Sometimes we think our mistress does not want us at all.

Angelica


Lou

Without warning, Reid collapsed face-first into the water, and that—

That is when I lost my shit completely.

Fresh shouts erupted from shore as I dove toward him, slinging an arm across his shoulders and spinning him to his back, looping his elbow through mine and cradling his head against my shoulder. The sharp, potent scent of magic clung to him. Though his chest still rose and fell, the movement seemed shallow, harsh, as if he was in terrible pain. “Reid!” I shook him desperately, struggling to stay afloat. We both went under. Water burned my throat, my eyes. Choking on it, I kicked harder, propelling us above the surface for a few precious seconds. I could swim, yes, but towing a limp two-hundred-and-something-pound man was something else entirely. “Reid!”

The shouts around us escalated, and I glanced to shore. My heart lodged in my ravaged throat.

Morgane had lost consciousness with Reid.

Whatever magic he’d done, it’d affected her too, and absolute chaos reigned. The Dames Blanches nearest her shrieked and rushed forward, pulling her away from Josephine, from Coco, from us. “Do not be foolish!” Josephine’s vehement shouts cut through the mist, which had descended with a vengeance once more. “This is our chance! Get the girl!”

But even the blood witches wouldn’t step foot in the waters again—not when they continued to ripple.

Not when Coco rose, her binds having vanished after Morgane’s collapse.

Not when she stepped back into the waters, nor when she lifted her hands. Her dark eyes fell first to Constantin, then to Beau and Célie—still blood-soaked and unconscious—and they burned with retribution. “You should’ve known better than to follow us here, tante.

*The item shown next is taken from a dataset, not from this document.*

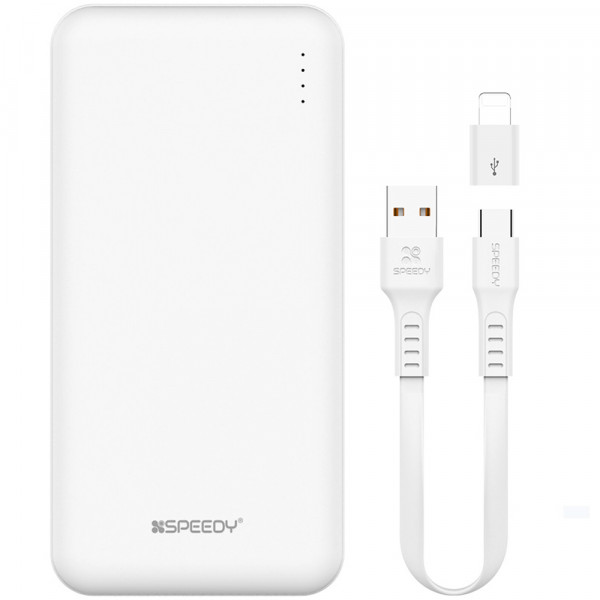 SPEEDY 슬림 듀얼 보조배터리 10000mAh + C타입 케이블 + 8핀 젠더, BND-2PCPPB100A, 화이트

I was born in these waters. Their magic is my own.”

I foundered beneath the waves, surging up in time to see Josephine clench her fists.

“Their magic is hers,” she spat. “Not yours. Never yours.”

“I am part of her.”

“You are mine.” The last shred of Josephine’s control seemed to snap, and she swept a long, crooked dagger from her cloak. Her hands shook. “She abandoned you. She abandoned me. She—”

“—is on her way,” Coco finished grimly, eyes flicking to her own uplifted hand. A fresh wound I hadn’t noticed sliced her palm. Blood dripped from it into the waters, and with a start, I realized Coco’s steps hadn’t woken L’Eau Mélancolique at all.